The Jews voted with their dollars and their feet to live and worship in Hollywood. Their neighbors are free to leave if they don’t like the situation, but instead are using the city’s legal muscle to try and keep the newcomers out. (Religious Jews always live near their synagogues, so forbidding synagogues in residential areas makes it difficult for religious Jews to live in those areas.)
There would be an outcry and lawsuits if any American city tried such tactics against blacks or gays or members of other minority groups. What’s different here? Nothing, except that the Jews in question are a very small minority and Hollywood thinks it can get away with pushing them around. This is an appropriate occasion for an anti-discrimination suit against the City, and it’s nice to hear that the Chabad people are planning one.

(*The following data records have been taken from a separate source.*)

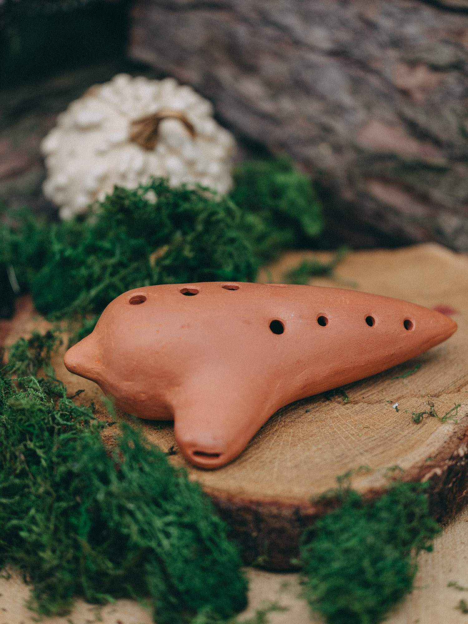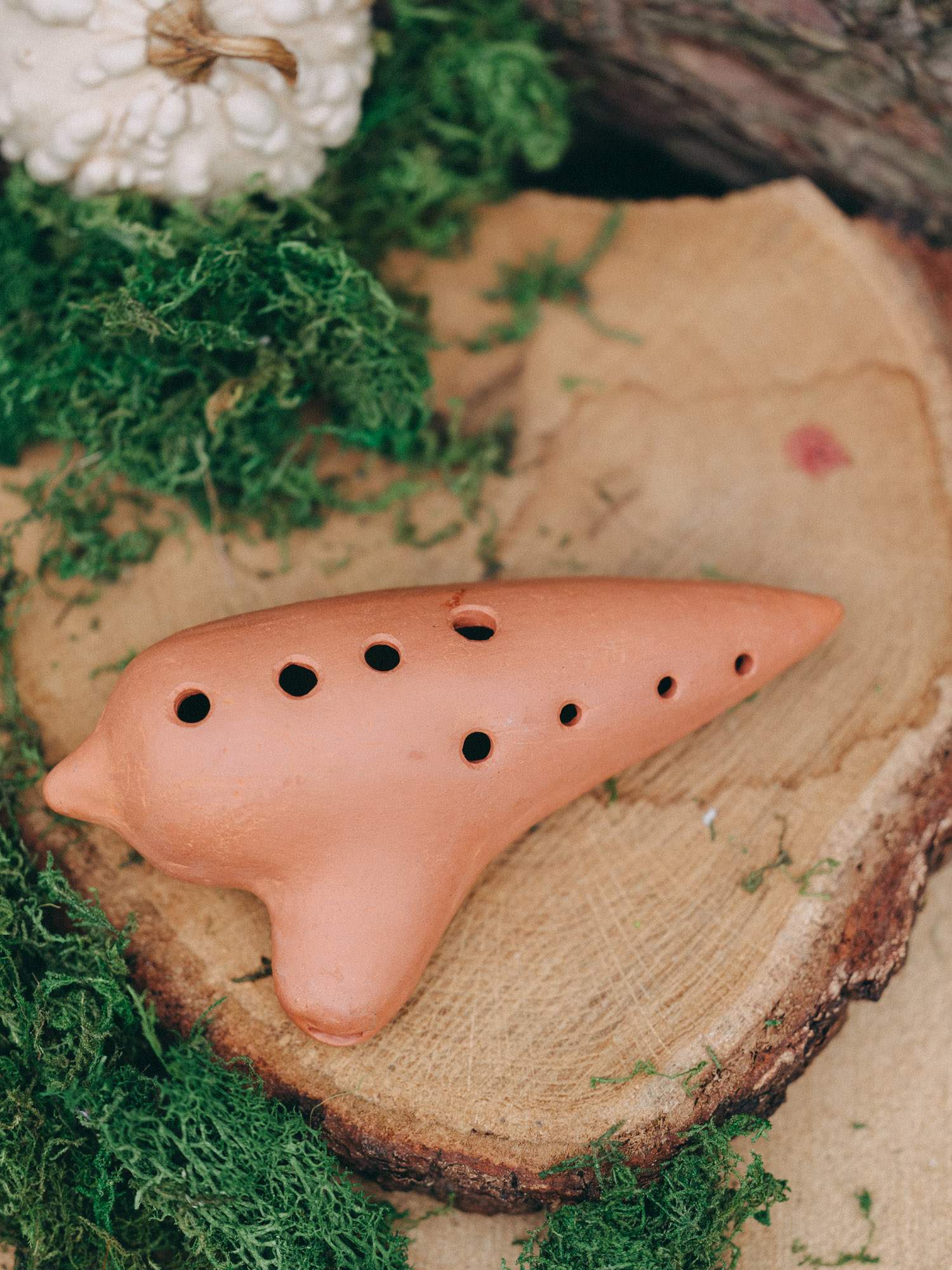 Tradycyjna okaryna wykonana z gliny. Ma opływowy, jajowaty kształt z wystającym ustnikiem, do którego się dmucha. Na okarynie znajduje się kilka otworów palcowych - ich liczba i rozmieszczenie pozwalają zmieniać wysokość dźwięku. Idealny pomysł na prezent dla miłośników muzyki, folkloru i rękodzieła.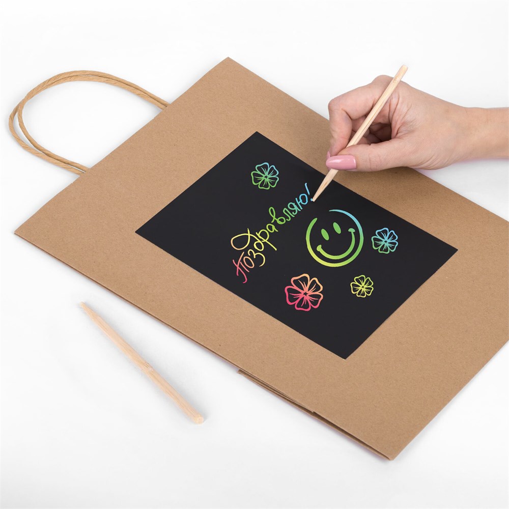 В комплект подарочных пакетов из крафт-бумаги также входят бумажные ручки, скретч-слой с одной стороны пакета и два бамбуковых стилуса. Размер – 32x13x26 см. Пакеты однотонного цвета.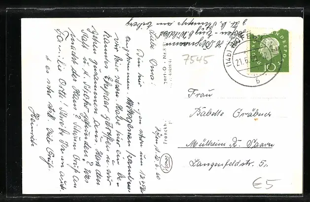 gelaufen 1960, rückseitig Oberflächenschaden, Eckknick li. oben, guter Zustand

The mayor of Hollywood is trying to protect herself and her cronies by vigorously supporting anti-religious zoning restrictions, but insisting, somewhat belatedly, that they be applied evenhandedly. No thanks. One of the main problems with such restrictions is that it’s easy for cities to get away with not applying them evenhandedly. That’s part of why they are useful to politicians. Hollywood is only vulnerable here because it applied its own rules in such a heavy handed and blatantly discriminatory way as to make its adversaries’ case for them; the City might well have gotten away with it if its officials had been a bit more subtle and tactful. And who is the mayor of Hollywood, an ex-social worker, to say that organized religious observance is inappropriate in residential neighborhoods? That kind of arrogance in government officials is a much bigger problem than are low-key Sabbath gatherings in people’s residences.